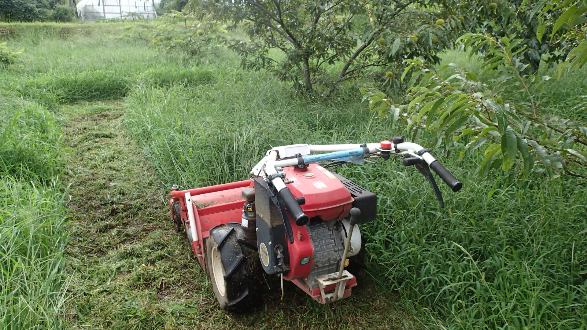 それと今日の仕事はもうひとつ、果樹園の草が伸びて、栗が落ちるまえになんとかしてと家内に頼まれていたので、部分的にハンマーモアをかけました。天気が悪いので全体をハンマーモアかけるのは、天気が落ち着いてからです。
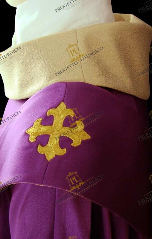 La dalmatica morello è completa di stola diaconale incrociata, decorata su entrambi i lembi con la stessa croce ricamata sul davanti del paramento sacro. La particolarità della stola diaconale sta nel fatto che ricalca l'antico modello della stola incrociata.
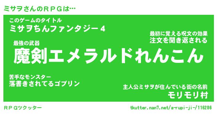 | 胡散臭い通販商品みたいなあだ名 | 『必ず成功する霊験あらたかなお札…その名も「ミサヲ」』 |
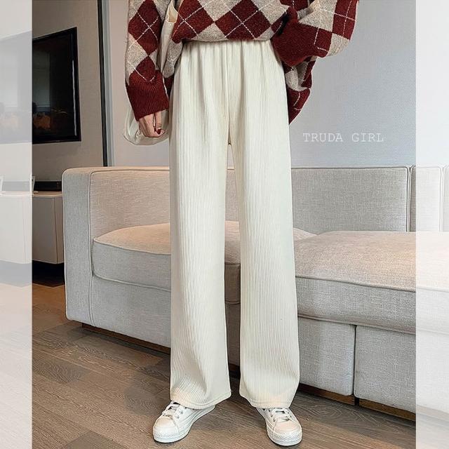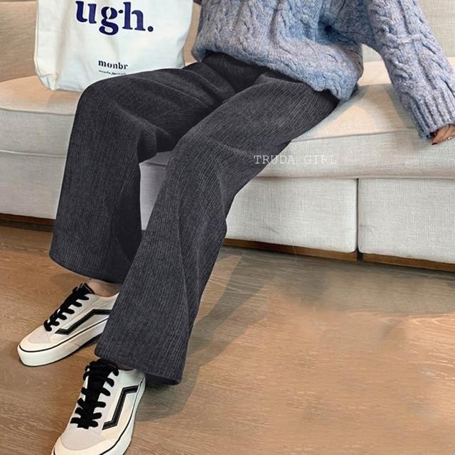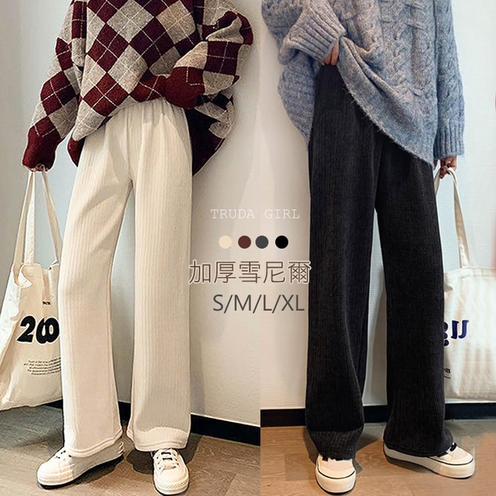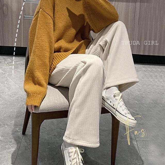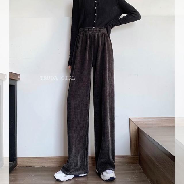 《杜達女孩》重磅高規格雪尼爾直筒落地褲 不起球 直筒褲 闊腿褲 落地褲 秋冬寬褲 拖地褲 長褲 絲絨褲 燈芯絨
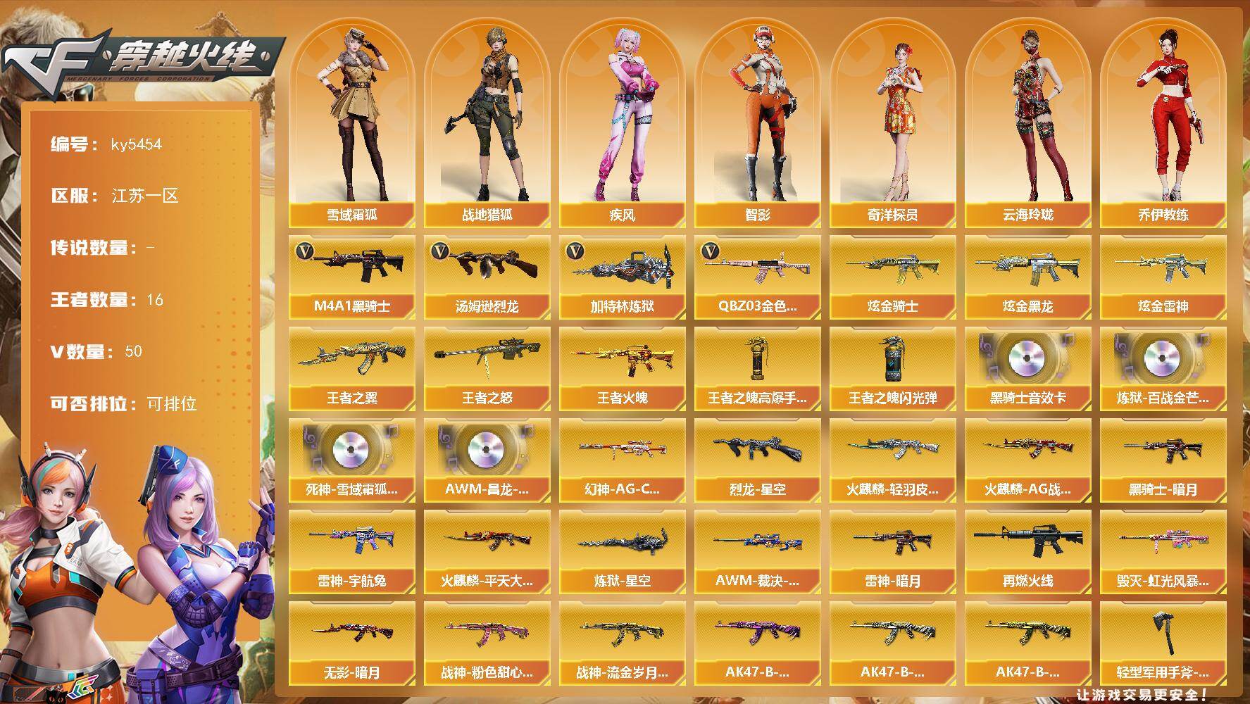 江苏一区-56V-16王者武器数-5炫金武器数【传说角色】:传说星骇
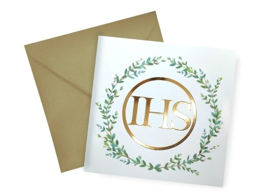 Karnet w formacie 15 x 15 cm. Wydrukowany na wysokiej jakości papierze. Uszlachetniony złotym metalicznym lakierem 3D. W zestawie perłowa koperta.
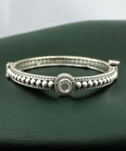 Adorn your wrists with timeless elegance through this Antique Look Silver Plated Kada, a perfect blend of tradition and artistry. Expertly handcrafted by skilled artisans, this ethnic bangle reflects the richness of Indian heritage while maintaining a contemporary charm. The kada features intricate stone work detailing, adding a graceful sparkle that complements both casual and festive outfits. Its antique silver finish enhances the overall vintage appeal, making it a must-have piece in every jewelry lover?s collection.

- Task statement: Output each record verbatim and leave out its pictures.

- Result:
 それと今日の仕事はもうひとつ、果樹園の草が伸びて、栗が落ちるまえになんとかしてと家内に頼まれていたので、部分的にハンマーモアをかけました。天気が悪いので全体をハンマーモアかけるのは、天気が落ち着いてからです。
 La dalmatica morello è completa di stola diaconale incrociata, decorata su entrambi i lembi con la stessa croce ricamata sul davanti del paramento sacro. La particolarità della stola diaconale sta nel fatto che ricalca l'antico modello della stola incrociata.
 | 胡散臭い通販商品みたいなあだ名 | 『必ず成功する霊験あらたかなお札…その名も「ミサヲ」』 |
 《杜達女孩》重磅高規格雪尼爾直筒落地褲 不起球 直筒褲 闊腿褲 落地褲 秋冬寬褲 拖地褲 長褲 絲絨褲 燈芯絨
 江苏一区-56V-16王者武器数-5炫金武器数【传说角色】:传说星骇
 Karnet w formacie 15 x 15 cm. Wydrukowany na wysokiej jakości papierze. Uszlachetniony złotym metalicznym lakierem 3D. W zestawie perłowa koperta.
 Adorn your wrists with timeless elegance through this Antique Look Silver Plated Kada, a perfect blend of tradition and artistry. Expertly handcrafted by skilled artisans, this ethnic bangle reflects the richness of Indian heritage while maintaining a contemporary charm. The kada features intricate stone work detailing, adding a graceful sparkle that complements both casual and festive outfits. Its antique silver finish enhances the overall vintage appeal, making it a must-have piece in every jewelry lover?s collection.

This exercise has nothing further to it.